Magical and Real as it appeared in Doylestown, PA.
Magical and Real in its Roswell incarnation.

2018 started off with the opening of Magical and Real, the Peter Hurd and Henriette retrospective that I’d been working on for the last four years. It opened at the Michener Museum in Doylestown, PA, then traveled to Roswell in May. Having a project that I’d been working on for so long was both overwhelming and immensely satisfying. After years of hard work, researching, writing, and negotiation, it was wonderful to see all those efforts pay off.

So long, Roswell

In July, I officially left my position as curator, shortly after my fifth anniversary at the museum. It was my longest job up to this point, and it was a big decision to leave that all behind. Yet I definitely felt ready to leave, and they’ve got a great new curator who will do a better job than I did.

I drove from New Mexico to Virginia, spending as much as 16 hours on the road at one point. My Prius has never been happier.

In August, I moved to Virginia with my partner, Brandon. He drove the U-Haul with our stuff and his truck in tow, while I drove the Prius with our two cats as co-pilots. Driving cross-country is something of a rite of passage in my family. My parents have done it several times, as has my sister. While I helped my parents drive when I moved to New Mexico, this was the first time I drove cross-country entirely on my own. It was tiring, and I have no interest in doing it again, but I’m glad I was able to prove to myself that I can do it.

Then in the fall, I completed my first semester at William and Mary, which went a lot more smoothly than I expected. I knew that going back to school after working for several years was going to be quite a transition, but giving myself permission to acknowledge and experience the changes happening in my life made it much easier.

I also found that being older has proven advantageous. Initially, I thought I would feel out of place, but having years of work experience and a previous graduate degree helped me put the program into perspective. I’m also in a different life chapter than I was at Williams. I was fresh out of college and single when I went to Williams, but nowadays I’m in a committed relationship and provide a home to two kitties. So while I work hard at William and Mary, I have other commitments, and I’m much more comfortable with giving myself permission to relax and not work at 110% all the time.

Really it’s all about the kitties.

Most importantly, I’ve become comfortable with who I am and my own abilities. When I was at Williams, I thought I had to know everything, and felt insecure when I didn’t. At this point, I know that anyone who thinks they know everything is a damn fool, and the best thing you can do is learn from everyone around you. I’ve got wonderful classmates who all work on different things, so the best thing I can do at this point is┬áto learn from them as I continue working on my own projects.

So what’s ahead moving forward? Aside from the regular classes, I’ve signed up for a DH workshop to continue building my digital humanities skills. I’ve been reflecting on my working habits from this past semester and thinking of ways to be more efficient next term. I’ve been submitting abstracts to various conferences so that I can start getting back on that circuit. I’ve also been looking ahead to the summer and figuring out how best to use that time on my research.

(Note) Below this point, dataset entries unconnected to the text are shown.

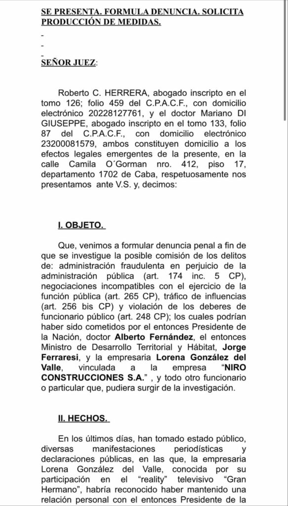 La presentación fue realizada ante el Juzgado en lo Criminal Federal por los abogados Roberto Herrero y Mariano Di Giuseppe, quienes solicitaron que sean investigadas presuntas irregularidades durante la gestión de Fernández en la adjudicación de obras públicas en el marco del programa PROCREAR y que también se analice el rol del actual intendente de Avellaneda,
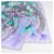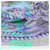 scarf. Featuring an intricate feather motif in shades of blue, green, and soft
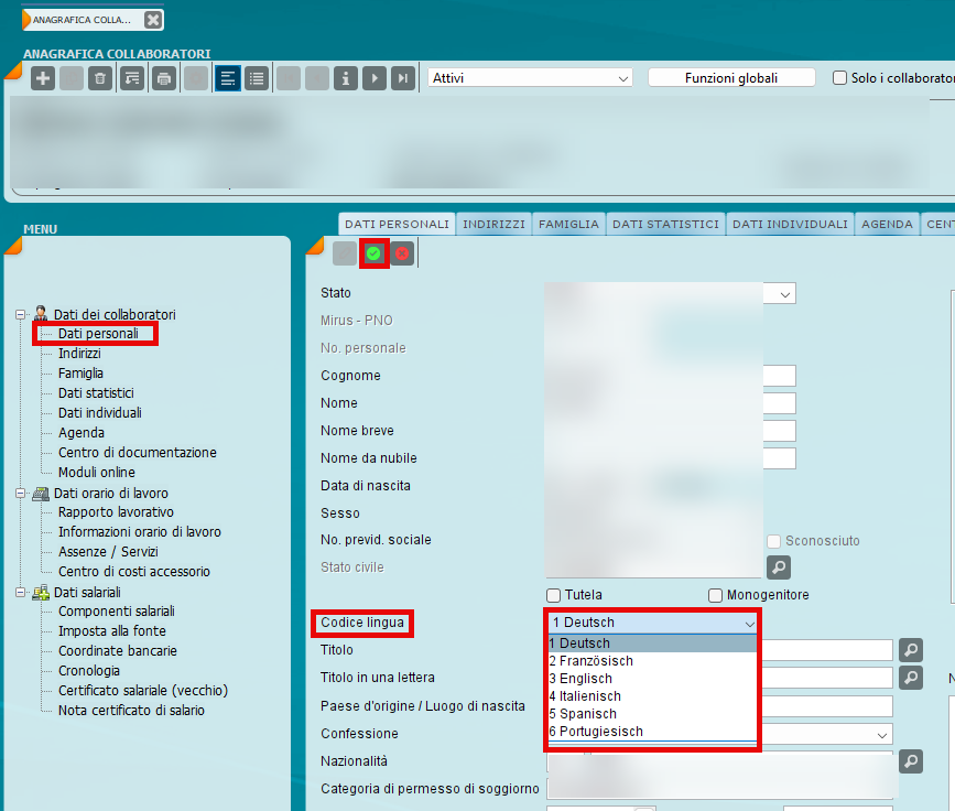 In miruSocial può impostare una lingua individuale per ogni collaboratrice e collaboratore. In questo modo si assicura che la busta paga venga generata in tedesco, italiano o francese. In questo articolo scoprirà dove si trova l’impostazione e come selezionare correttamente il codice lingua.
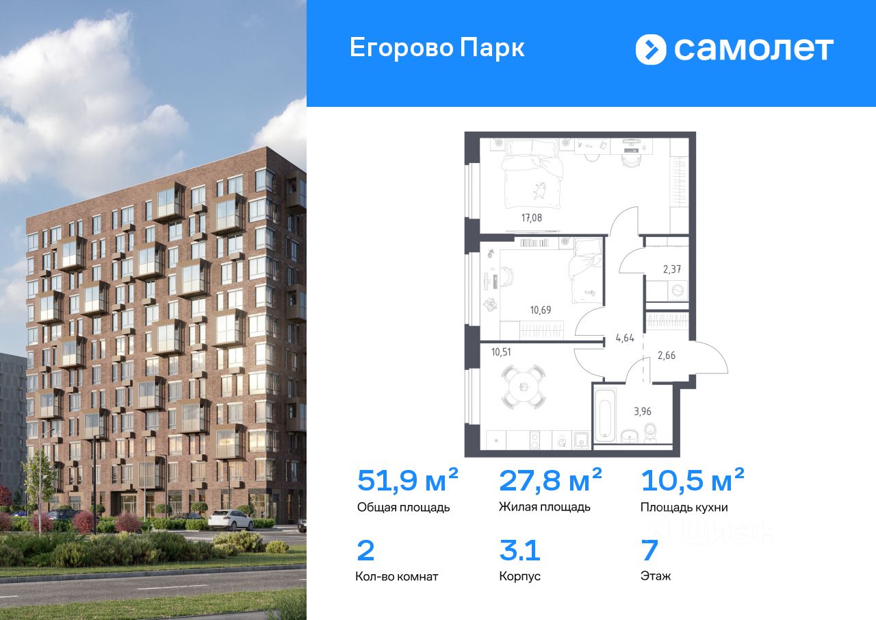 Строим кварталы для жизни с заботой о будущем. Предлагается 2-комнатная квартира комфорт-класса 51,91 кв.м в корпусе 3.1 на 7 этаже, в ЖК ''Егорово Парк''
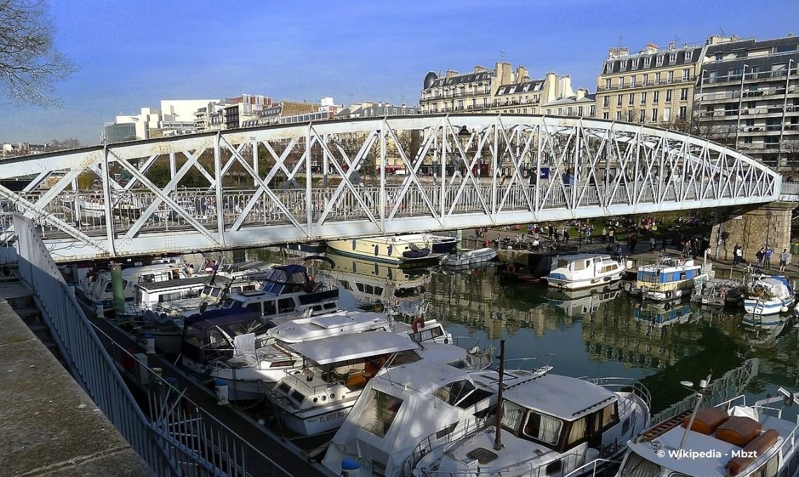 There’s nothing monumental about the bridge. It’s a simple structure spanning the canal of the Port de l’Arsenal, overlooking moored boats. The water is calm, the boats line the edges, and trees frame the view on both sides. It’s one of the quieter corners of this part of Paris.
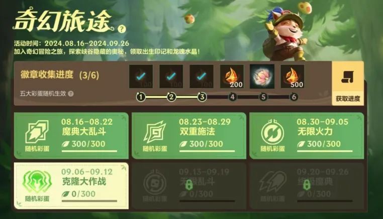 即日起至9月9日,克隆大作战模式全天开放,随机彩蛋惊喜掉落!奇幻旅途第四站同步开启,截止至9月26日,召唤师完成任务积攒能量,即可助力徽章收集进度,领取出生印记-新枝桃彩和龙魂水晶*2800奖励~
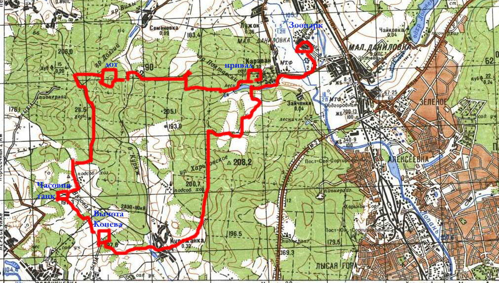 Старт в Каравене, возле страуса в зоопарке. Доезжаем до в. Конева. там гуляем, смотрим на Харьков. Дальше заезжаем на следующую высоту с танком и церковью .Возвращаемся лесом (в лагерь не заезжаем -собаки) пытаемся пролезть в заброшенный дот. Дальше привал на берегу озера. жарим сосиски и шашлык, купаемся, играем в бамбентон (я возьму)
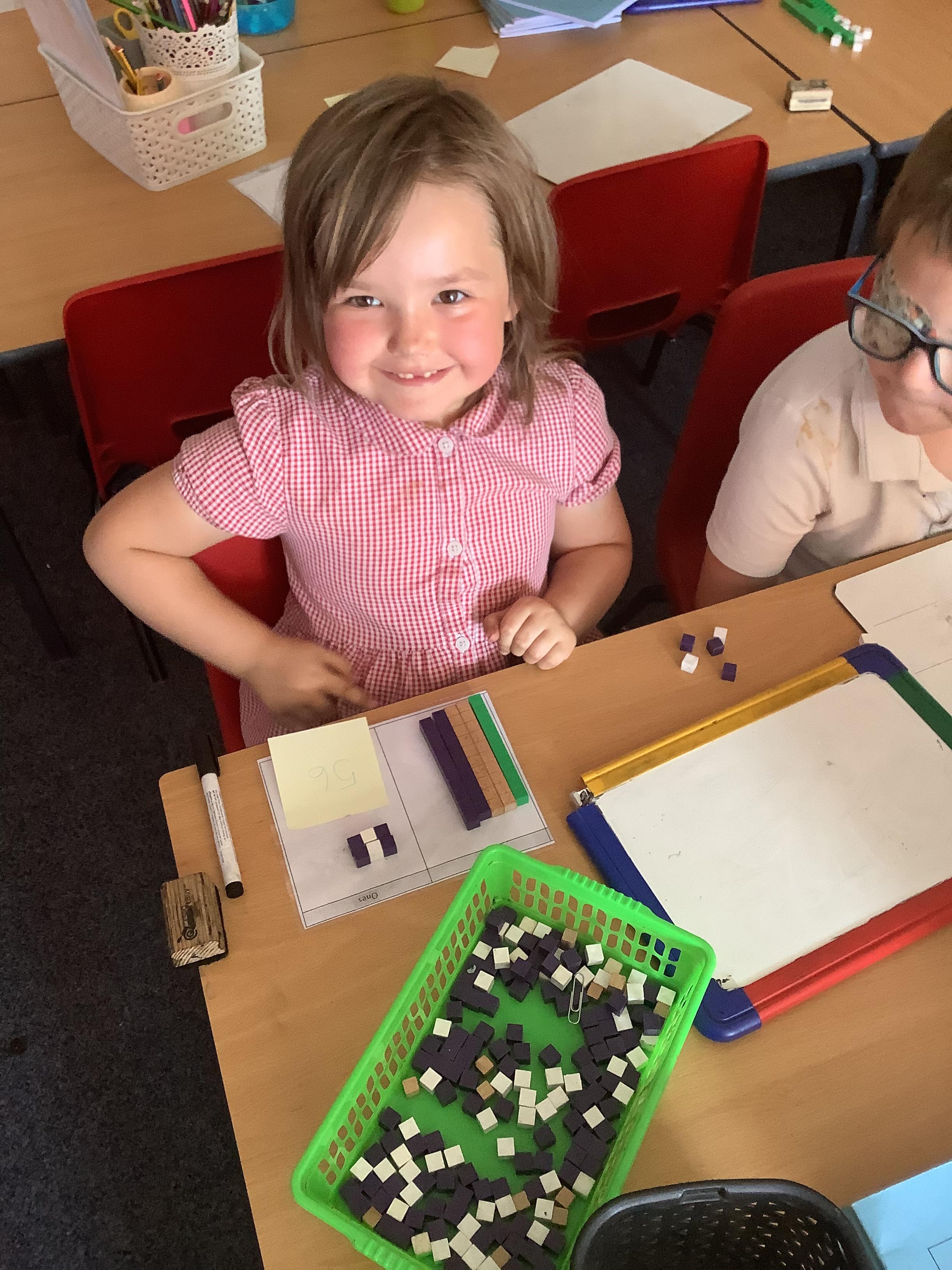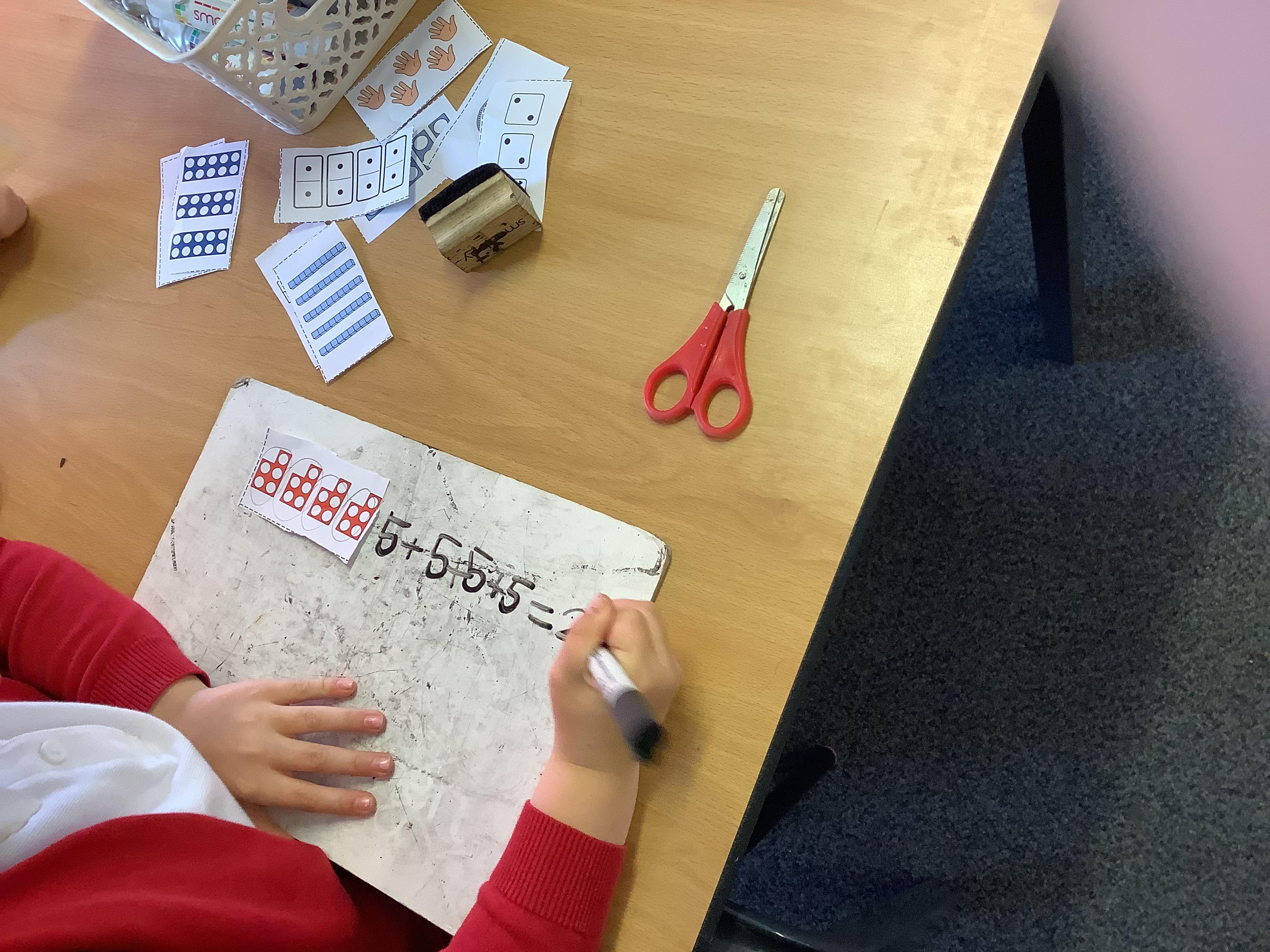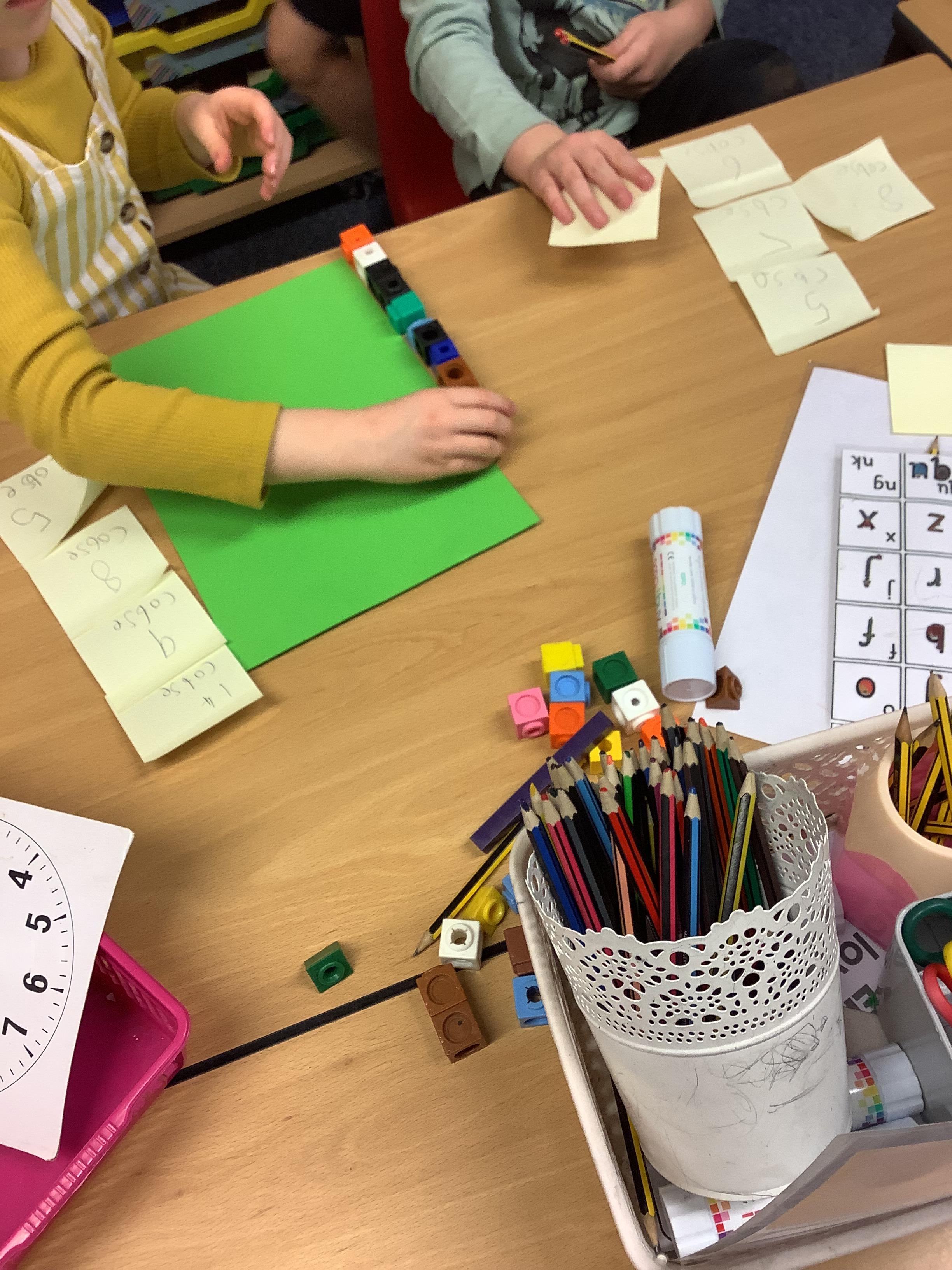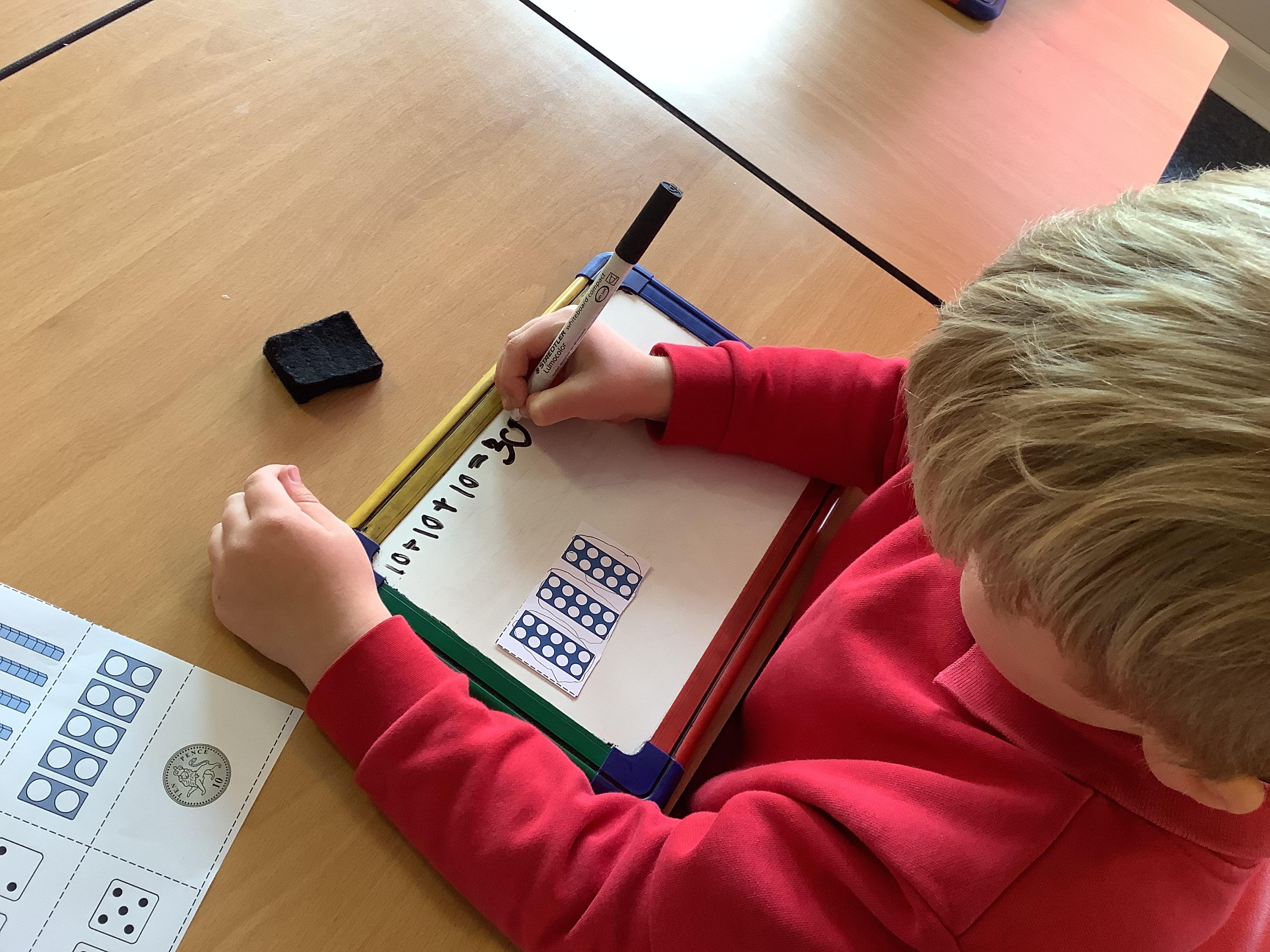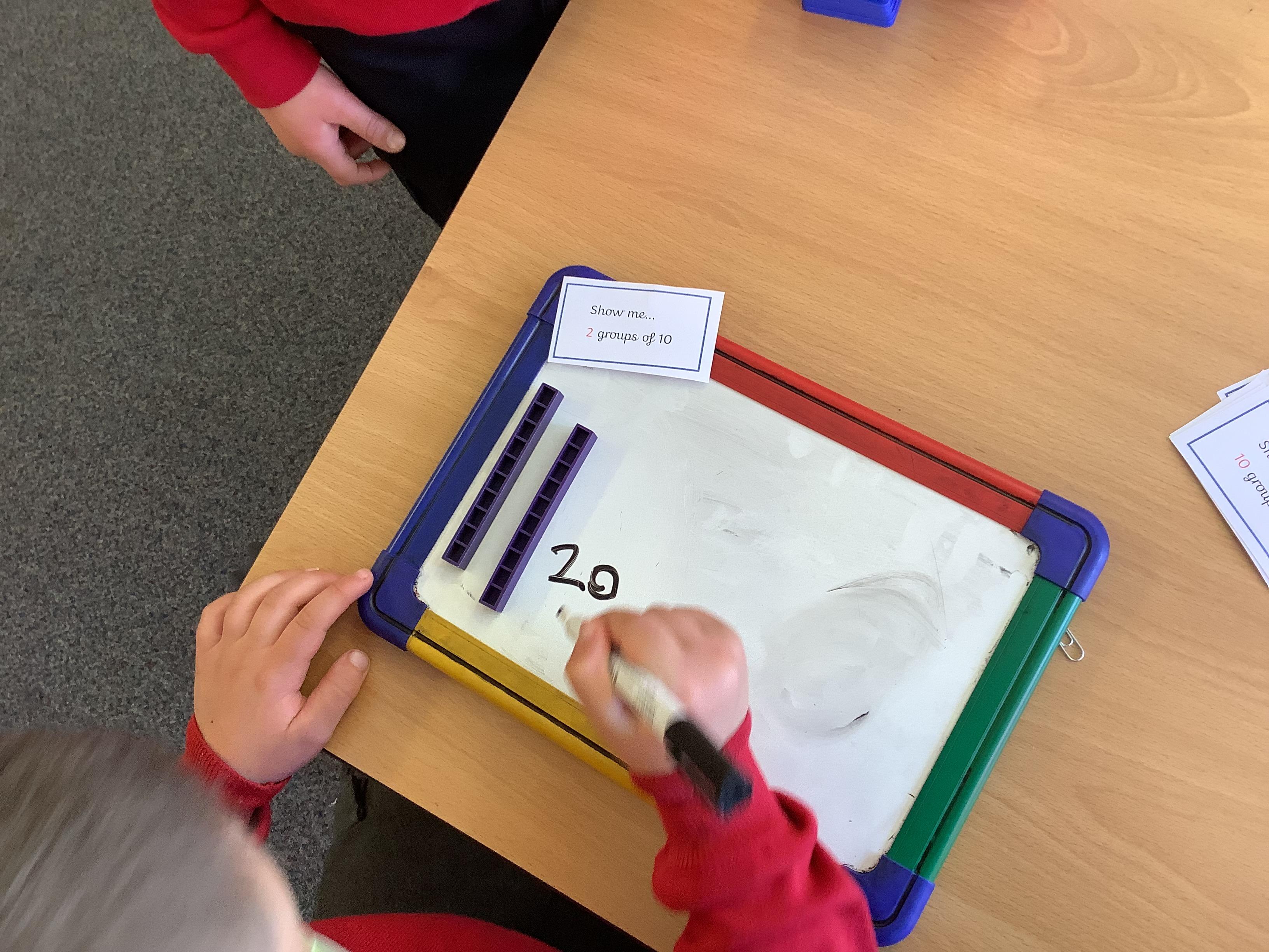 In Maths today, we focussed on counting in 10s. We created groups of 10 using dienes and numicon and counted in 10s to find out how many we had altogether.

One nonacademic goal I have for next semester is to do more sketching.

Not everything is about school though. I noticed I didn’t do a lot of sketching last semester, in part because most of my sketchbooks at this point are large, attractive volumes that I prefer reserving for fairly detailed, lengthy studies. In response to this hesitation, I picked up a small, informal sketchbook so that I can make quick drawings wherever I go. Even if it’s just a couple of minutes per day, that’s better than nothing, right?